# Guess who owns a horse trailer?? THIS GUY!!



## AQHSam (Nov 23, 2011)

So JEALOUS!! I need a different vehicle before I can imagine a horse trailer. Enjoy your new found freedom!


----------



## Speed Racer (Oct 21, 2009)

Congrats! Of COURSE we're interested in pictures.


----------



## catsandhorses (Aug 6, 2011)

So coooool!!

I hope to find something equally great used, unfortunately I have no idea how to judge what is in good shape or not.

Post pics!! Congrats!


----------



## MicKey73 (Dec 26, 2010)

Thanks guys!! I am so friggen excited. I half want to load up Mick and drive him around just for the sake of being able to!!


----------



## Speed Racer (Oct 21, 2009)

_Very_ nice! :thumbsup:


----------



## kitten_Val (Apr 25, 2007)

Congrats! I just upgraded my trailer this year and oh, boy, I like mine so much more because of the DRESSING ROOM!


----------



## MicKey73 (Dec 26, 2010)

kitten_Val said:


> Congrats! I just upgraded my trailer this year and oh, boy, I like mine so much more because of the DRESSING ROOM!


 
All I can think of is all the tack I could buy to fill it up!! Plus, there's a collapsible one in the back for added tack storage. Yesssssss!


----------



## Golden Horse (Feb 20, 2010)

That is just a lovely trailer, I would be really happy if Santa could see his way clear to leaving one in my yard this year


----------



## franknbeans (Jun 7, 2007)

Total trailer envy.  Congrats!


----------



## equiniphile (Aug 16, 2009)

Holy nice trailer, batman! Congrats!


----------



## waresbear (Jun 18, 2011)

What a nice trailer for being a '97! I am guessing because of the Arizona climate, your trailer looks new. Enjoy being mobile.


----------



## gunslinger (Sep 17, 2011)

Sweet! Now, where are you going to trailer to first?
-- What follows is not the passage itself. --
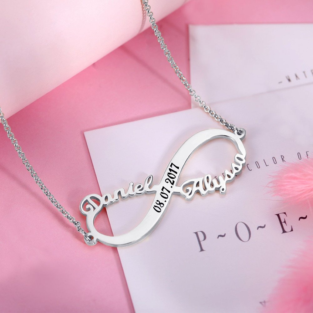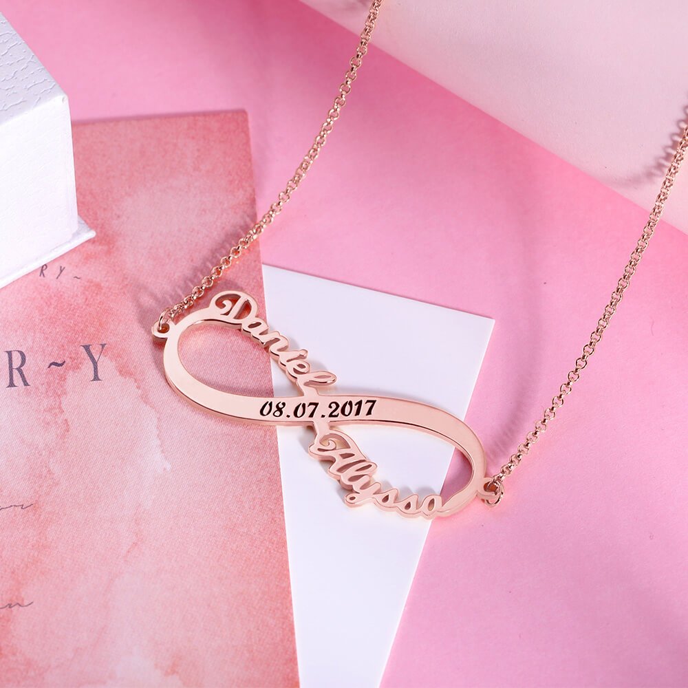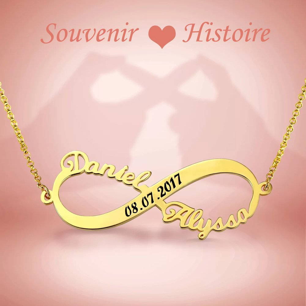 Ce collier est un véritable témoignage du caractère unique de votre histoire d'amour. Personnalisé avec votre nom et celui de votre partenaire, ainsi qu'avec une date qui vous est chère et qui a une signification particulière, ce pendentif devient un trésor unique qui vous rappellera à jamais le lien indéfectible que vous partagez.

IMO, a trailer makes a horse useful.....I mean, now you can ride in a bunch of different places....

You're a lucky lady. Enjoy it!


----------



## MicKey73 (Dec 26, 2010)

Thank you so much!! It is so nice to have a group of people who understand why I'm so dang excited about owning a mobile tin can :wink: 



waresbear said:


> What a nice trailer for being a '97! I am guessing because of the Arizona climate, your trailer looks new. Enjoy being mobile.


The owner took amazing care of it. There is hardly ANY rust on the underside. When we were looking for trailers, we found more rust on some of the brand new trailers than this one has. It was kept covered in a barn, and I doubt they took it out on the 10 days a year it rains in Phoenix.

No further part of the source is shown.